Required work: Write out the full listing exactly as given, minus the images.

Data section:
.....
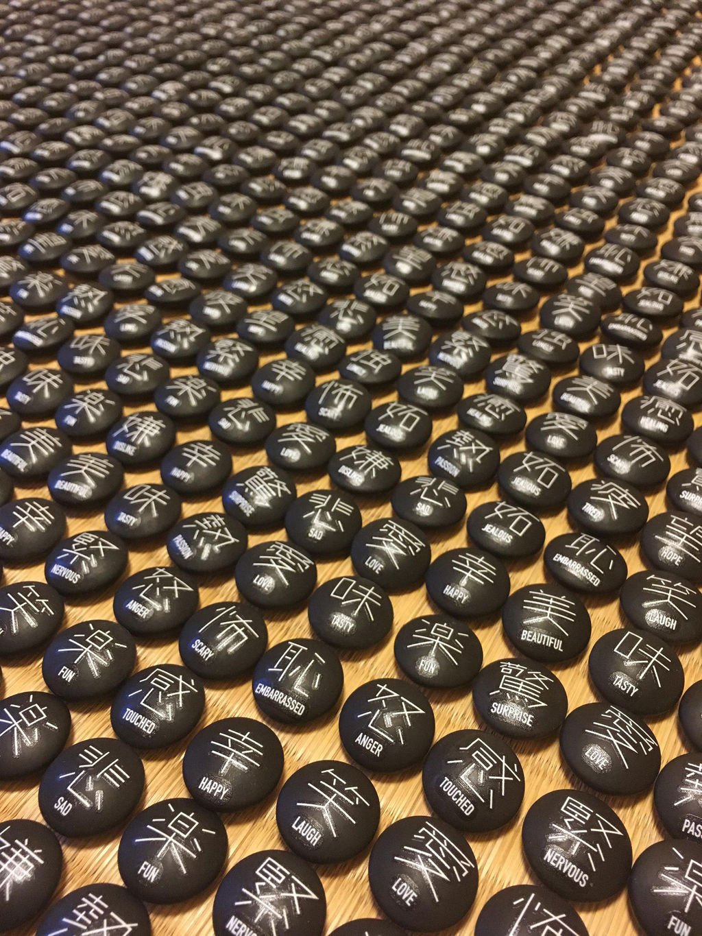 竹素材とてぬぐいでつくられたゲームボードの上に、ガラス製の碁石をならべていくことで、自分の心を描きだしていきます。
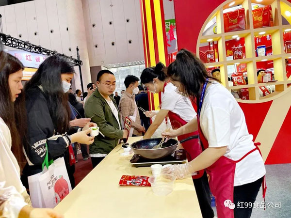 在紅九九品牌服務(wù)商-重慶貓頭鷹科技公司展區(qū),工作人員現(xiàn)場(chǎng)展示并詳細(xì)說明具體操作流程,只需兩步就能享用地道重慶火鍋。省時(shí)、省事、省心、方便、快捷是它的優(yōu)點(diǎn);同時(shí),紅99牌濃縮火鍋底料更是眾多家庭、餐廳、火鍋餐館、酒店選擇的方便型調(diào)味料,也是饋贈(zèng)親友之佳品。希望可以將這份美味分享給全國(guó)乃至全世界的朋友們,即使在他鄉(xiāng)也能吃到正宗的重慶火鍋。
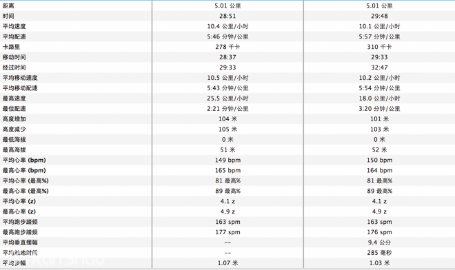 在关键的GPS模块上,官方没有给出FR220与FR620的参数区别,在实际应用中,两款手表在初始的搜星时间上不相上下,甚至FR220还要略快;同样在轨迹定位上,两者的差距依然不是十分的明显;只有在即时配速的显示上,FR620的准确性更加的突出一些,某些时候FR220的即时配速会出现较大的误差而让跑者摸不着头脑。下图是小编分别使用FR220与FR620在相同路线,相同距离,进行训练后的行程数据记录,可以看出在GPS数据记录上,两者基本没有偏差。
.....
Solution to this exercise:
 竹素材とてぬぐいでつくられたゲームボードの上に、ガラス製の碁石をならべていくことで、自分の心を描きだしていきます。
 在紅九九品牌服務(wù)商-重慶貓頭鷹科技公司展區(qū),工作人員現(xiàn)場(chǎng)展示并詳細(xì)說明具體操作流程,只需兩步就能享用地道重慶火鍋。省時(shí)、省事、省心、方便、快捷是它的優(yōu)點(diǎn);同時(shí),紅99牌濃縮火鍋底料更是眾多家庭、餐廳、火鍋餐館、酒店選擇的方便型調(diào)味料,也是饋贈(zèng)親友之佳品。希望可以將這份美味分享給全國(guó)乃至全世界的朋友們,即使在他鄉(xiāng)也能吃到正宗的重慶火鍋。
 在关键的GPS模块上,官方没有给出FR220与FR620的参数区别,在实际应用中,两款手表在初始的搜星时间上不相上下,甚至FR220还要略快;同样在轨迹定位上,两者的差距依然不是十分的明显;只有在即时配速的显示上,FR620的准确性更加的突出一些,某些时候FR220的即时配速会出现较大的误差而让跑者摸不着头脑。下图是小编分别使用FR220与FR620在相同路线,相同距离,进行训练后的行程数据记录,可以看出在GPS数据记录上,两者基本没有偏差。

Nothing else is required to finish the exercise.